Saved entries
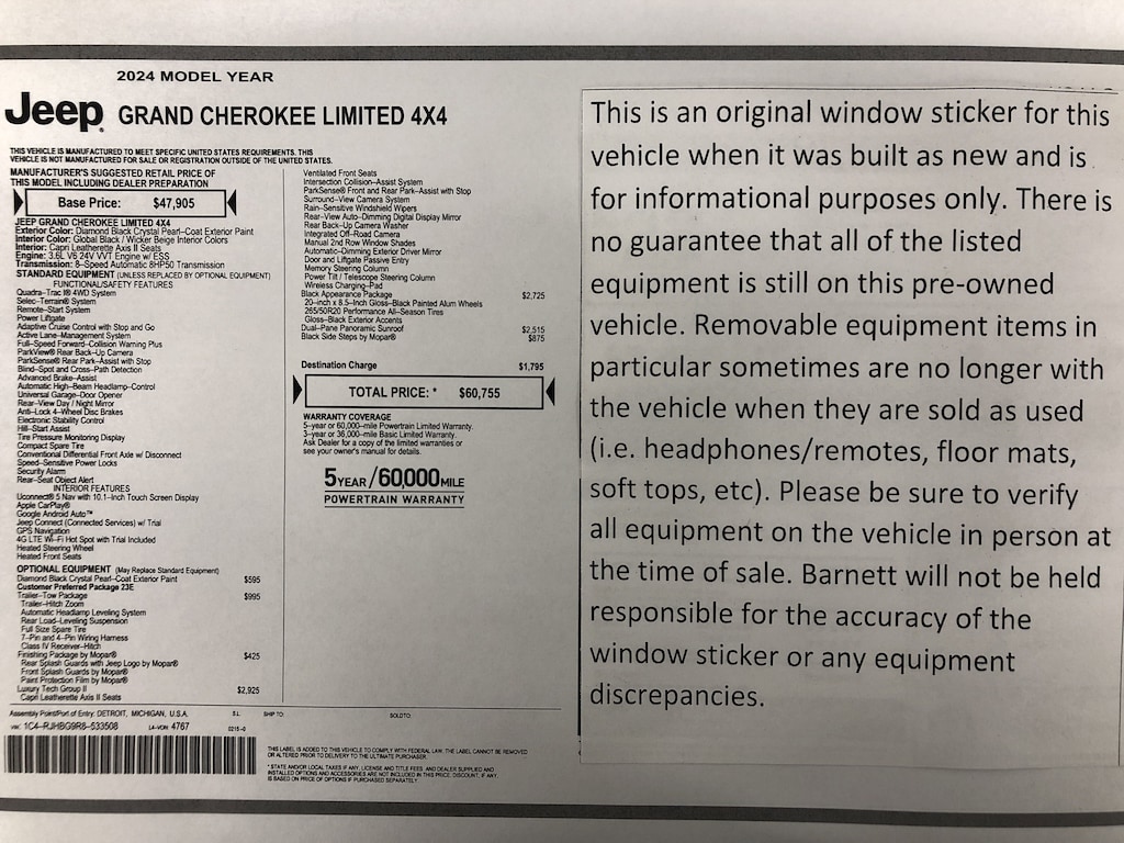 Listed selling price includes a $1000 Barnett Trade Bonus. Trade-in vehicles no more than 10 years old and 100K miles or less with a clean title automatically qualify. Trade-in vehicles outside these parameters need to be discussed and reviewed in person with the dealership to determine qualification. "The vehicle equipment list is auto generated and errors in listed equipment may occur. Please be sure to verify all equipment on the vehicle in person at time of sale as this list may not be 100% accurate. Barnett will not be held responsible for the accuracy of this list."
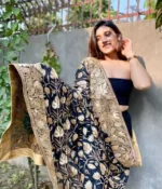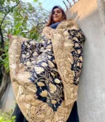 This fine crepe heavy embroidered odhani in black is adorned with heavy tilla (metallic) threads along the four side borders and heavy jaal in the center highlighting maple (chinar) leaves.
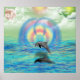 2 Delfine schwimmen im Ozean in der Nähe eines schönen Aufstiegs von Farben und Wasser mit 2 Planeten, einem Mond und einer farbenfrohen Sonne. Rosa, blau, aqua, gelb und grün im Wasser und am Himmel.
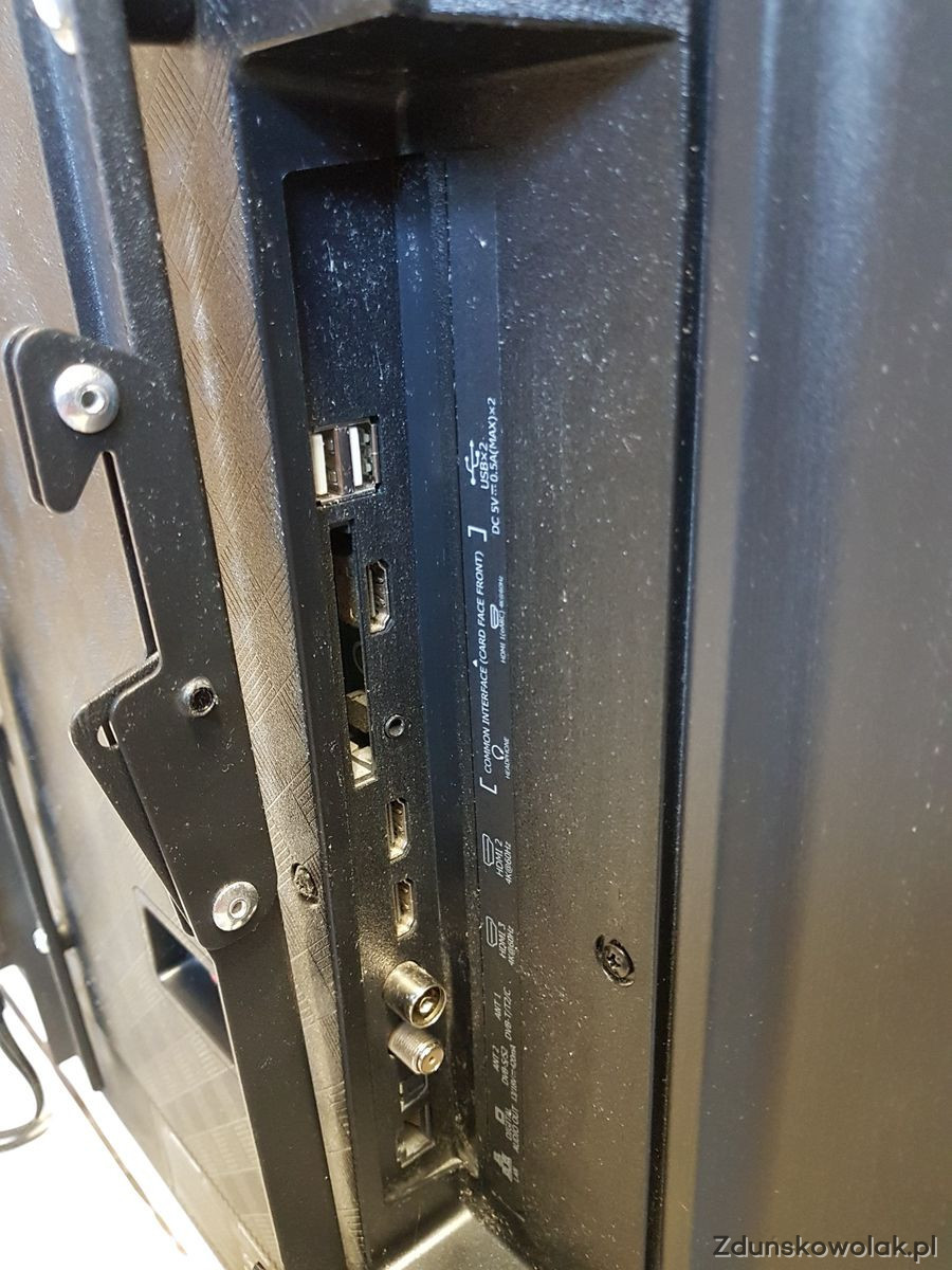 Złącza: 3 × HDMI, 2 × USB, wyjście audio, porty antenowe
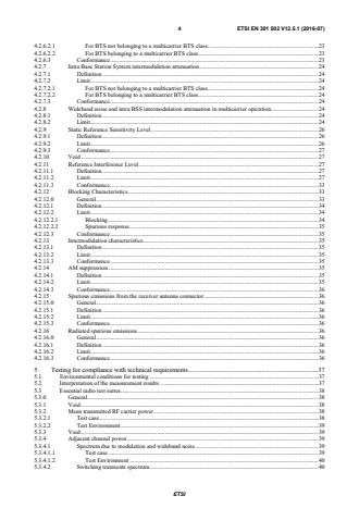 ETSI ETSI EN 301 502 V12.5.1 (2016-07) 4 4.2.6.2.1 For BTS not belonging to a multicarrier BTS class . 23 4.2.6.2.2 For BTS belonging to a multicarrier BTS class . 23 4.2.6.3 Conformance . 23 4.2.7 Intra Base Station System intermodulation attenuation . 24 4.2.7.1 Definition . 24 4.2.7.2 Limit . 24 4.2.7.2.1 For BTS not belonging to a multicarrier BTS class . 24 4.2.7.2.2 For BTS belonging to a multicarrier BTS class . 24 4.2.7.3 Conformance . 24 4.2.8 Wideband noise and intra BSS intermodulation attenuation in multicarrier operation . 24 4.2.8.1 Definition . 24 4.2.8.2 Limit . 24 4.2.9 Static Reference Sensitivity Level . 26 4.2.9.1 Definition . 26 4.2.9.2 Limit . 26 4.2.9.3 Conformance . 27 4.2.10 Void . 27 4.2.11 Reference Interference Level . 27 4.2.11.1 Definition . 27 4.2.11.2 Limit . 27 4.2.11.3 Conformance . 33 4.2.12 Blocking Characteristics . 33 4.2.12.0 General . 33 4.2.12.1 Definition . 34 4.2.12.2 Limit . 34 4.2.12.2.1 Blocking . 34 4.2.12.2.2 Spurious response . 35 4.2.12.3 Conformance . 35 4.2.13 Intermodulation characteristics . 35 4.2.13.1 Definition . 35 4.2.13.2 Limit . 35 4.2.13.3 Conformance . 35 4.2.14 AM suppression . 35 4.2.14.1 Definition . 35 4.2.14.2 Limit . 35 4.2.14.3 Conformance . 36 4.2.15 Spurious emissions from the receiver antenna connector . 36 4.2.15.0 General . 36 4.2.15.1 Definition . 36 4.2.15.2 Limit . 36 4.2.15.3 Conformance . 36 4.2.16 Radiated spurious emissions . 36 4.2.16.0 General . 36 4.2.16.1 Definition . 36 4.2.16.2 Limit . 36 4.2.16.3 Conformance . 36 5 Testing for compliance with technical requirements . 37 5.1 Environmental conditions for testing . 37 5.2 Interpretation of the measurement results . 37 5.3 Essential radio test suites . 38 5.3.0 General . 38 5.3.1 Void . 38 5.3.2 Mean transmitted RF carrier power . 38 5.3.2.1 Test case . 38 5.3.2.2 Test Environment . 39 5.3.3 Void . 39 5.3.4 Adjacent channel power . 39 5.3.4.1 Spectrum due to modulation and wideband noise . 39 5.3.4.1.1 Test case . 39 5.3.4.1.2 Test Environment . 40 5.3.4.2 Switching transients spectrum . 40 SIST EN 301 502 V12.5.1:2016
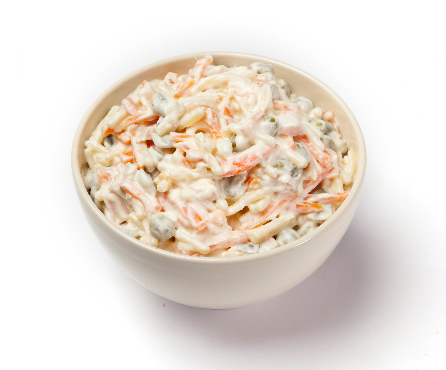 majoneesi (rypsiöljy, vesi, sokeri, etikka, sinappi (vesi, sokeri, SINAPINSIEMEN, etikka, jodioitu suola, rypsiöljy, väri sokerikulööri, säilöntäaine natriumbentsoaatti, valkopippuri), KANANMUNANKELTUAINEN, muunnettu maissitärkkelys, jodioitu suola, sakeuttamisaine ksantaanikumi, säilöntäaineet (kaliumsorbaatti, natriumbentsoaatti), aromi), spagetti (VEHNÄ), porkkana, säilykekurkku (kurkku, etikka, suola, sokeri, aromit (mm. SINAPINSIEMEN), makeutusaine sakariini), leikkelemakkara 7 % (viljaporsaanliha, vesi, silava, perunatärkkelys, kamara, jodioitu suola, dekstroosi, säilöntäaine natriumnitriitti, mausteet (mustapippuri, chili), aromi), herne, jodioitu suola. Viljaporsaanlihan alkuperä Suomi
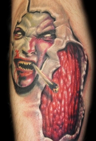 吸烟恶魔和皮肤撕裂纹身图案
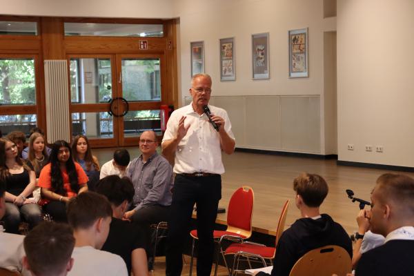 Eine Schülerin fragte Matthias Miersch, was er von der AfD halte. Er antwortete, dass er die Partei möglichst klein halten wolle und auch bereit sei, Kompromisse einzugehen. Seine Partei, die SPD, versuche oft Lösungen zu finden, auch wenn das bedeute, dass sie eigene Positionen etwas zurücknehmen müsse. Miersch erklärte, dass viele Menschen zur AfD wechseln, weil soziale Medien großen Einfluss auf politische Meinungen hätten. Besonders Jugendliche ließen sich oft durch Plattformen wie TikTok oder Instagram beeinflussen. Dort äußere sich z.B. auch die Partei ,,Die Linke“ häufig so, dass viele junge Menschen sich von ihr angesprochen fühlen und sie dann wählen würden.
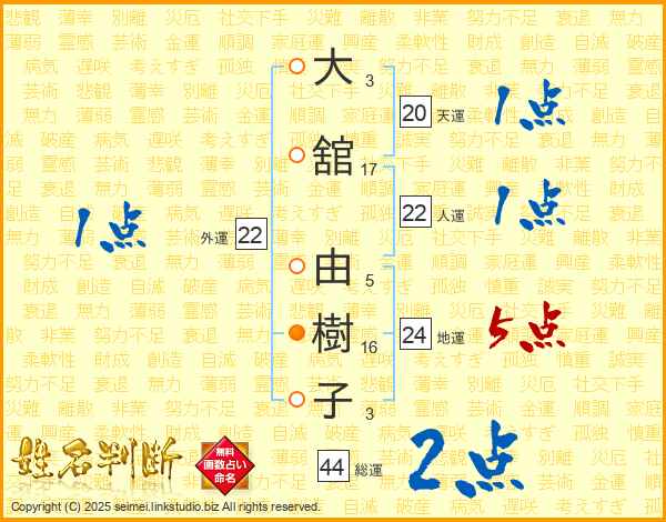 大(3画)舘(17画) 由(5画)樹(16画)子(3画)

• [What you have to do]:
Copy every line of the data exactly as written, excluding the pictures.

• [Exercise output]:
 Listed selling price includes a $1000 Barnett Trade Bonus. Trade-in vehicles no more than 10 years old and 100K miles or less with a clean title automatically qualify. Trade-in vehicles outside these parameters need to be discussed and reviewed in person with the dealership to determine qualification. "The vehicle equipment list is auto generated and errors in listed equipment may occur. Please be sure to verify all equipment on the vehicle in person at time of sale as this list may not be 100% accurate. Barnett will not be held responsible for the accuracy of this list."
 This fine crepe heavy embroidered odhani in black is adorned with heavy tilla (metallic) threads along the four side borders and heavy jaal in the center highlighting maple (chinar) leaves.
 2 Delfine schwimmen im Ozean in der Nähe eines schönen Aufstiegs von Farben und Wasser mit 2 Planeten, einem Mond und einer farbenfrohen Sonne. Rosa, blau, aqua, gelb und grün im Wasser und am Himmel.
 Złącza: 3 × HDMI, 2 × USB, wyjście audio, porty antenowe
 ETSI ETSI EN 301 502 V12.5.1 (2016-07) 4 4.2.6.2.1 For BTS not belonging to a multicarrier BTS class . 23 4.2.6.2.2 For BTS belonging to a multicarrier BTS class . 23 4.2.6.3 Conformance . 23 4.2.7 Intra Base Station System intermodulation attenuation . 24 4.2.7.1 Definition . 24 4.2.7.2 Limit . 24 4.2.7.2.1 For BTS not belonging to a multicarrier BTS class . 24 4.2.7.2.2 For BTS belonging to a multicarrier BTS class . 24 4.2.7.3 Conformance . 24 4.2.8 Wideband noise and intra BSS intermodulation attenuation in multicarrier operation . 24 4.2.8.1 Definition . 24 4.2.8.2 Limit . 24 4.2.9 Static Reference Sensitivity Level . 26 4.2.9.1 Definition . 26 4.2.9.2 Limit . 26 4.2.9.3 Conformance . 27 4.2.10 Void . 27 4.2.11 Reference Interference Level . 27 4.2.11.1 Definition . 27 4.2.11.2 Limit . 27 4.2.11.3 Conformance . 33 4.2.12 Blocking Characteristics . 33 4.2.12.0 General . 33 4.2.12.1 Definition . 34 4.2.12.2 Limit . 34 4.2.12.2.1 Blocking . 34 4.2.12.2.2 Spurious response . 35 4.2.12.3 Conformance . 35 4.2.13 Intermodulation characteristics . 35 4.2.13.1 Definition . 35 4.2.13.2 Limit . 35 4.2.13.3 Conformance . 35 4.2.14 AM suppression . 35 4.2.14.1 Definition . 35 4.2.14.2 Limit . 35 4.2.14.3 Conformance . 36 4.2.15 Spurious emissions from the receiver antenna connector . 36 4.2.15.0 General . 36 4.2.15.1 Definition . 36 4.2.15.2 Limit . 36 4.2.15.3 Conformance . 36 4.2.16 Radiated spurious emissions . 36 4.2.16.0 General . 36 4.2.16.1 Definition . 36 4.2.16.2 Limit . 36 4.2.16.3 Conformance . 36 5 Testing for compliance with technical requirements . 37 5.1 Environmental conditions for testing . 37 5.2 Interpretation of the measurement results . 37 5.3 Essential radio test suites . 38 5.3.0 General . 38 5.3.1 Void . 38 5.3.2 Mean transmitted RF carrier power . 38 5.3.2.1 Test case . 38 5.3.2.2 Test Environment . 39 5.3.3 Void . 39 5.3.4 Adjacent channel power . 39 5.3.4.1 Spectrum due to modulation and wideband noise . 39 5.3.4.1.1 Test case . 39 5.3.4.1.2 Test Environment . 40 5.3.4.2 Switching transients spectrum . 40 SIST EN 301 502 V12.5.1:2016
 majoneesi (rypsiöljy, vesi, sokeri, etikka, sinappi (vesi, sokeri, SINAPINSIEMEN, etikka, jodioitu suola, rypsiöljy, väri sokerikulööri, säilöntäaine natriumbentsoaatti, valkopippuri), KANANMUNANKELTUAINEN, muunnettu maissitärkkelys, jodioitu suola, sakeuttamisaine ksantaanikumi, säilöntäaineet (kaliumsorbaatti, natriumbentsoaatti), aromi), spagetti (VEHNÄ), porkkana, säilykekurkku (kurkku, etikka, suola, sokeri, aromit (mm. SINAPINSIEMEN), makeutusaine sakariini), leikkelemakkara 7 % (viljaporsaanliha, vesi, silava, perunatärkkelys, kamara, jodioitu suola, dekstroosi, säilöntäaine natriumnitriitti, mausteet (mustapippuri, chili), aromi), herne, jodioitu suola. Viljaporsaanlihan alkuperä Suomi
 吸烟恶魔和皮肤撕裂纹身图案
 Eine Schülerin fragte Matthias Miersch, was er von der AfD halte. Er antwortete, dass er die Partei möglichst klein halten wolle und auch bereit sei, Kompromisse einzugehen. Seine Partei, die SPD, versuche oft Lösungen zu finden, auch wenn das bedeute, dass sie eigene Positionen etwas zurücknehmen müsse. Miersch erklärte, dass viele Menschen zur AfD wechseln, weil soziale Medien großen Einfluss auf politische Meinungen hätten. Besonders Jugendliche ließen sich oft durch Plattformen wie TikTok oder Instagram beeinflussen. Dort äußere sich z.B. auch die Partei ,,Die Linke“ häufig so, dass viele junge Menschen sich von ihr angesprochen fühlen und sie dann wählen würden.
 大(3画)舘(17画) 由(5画)樹(16画)子(3画)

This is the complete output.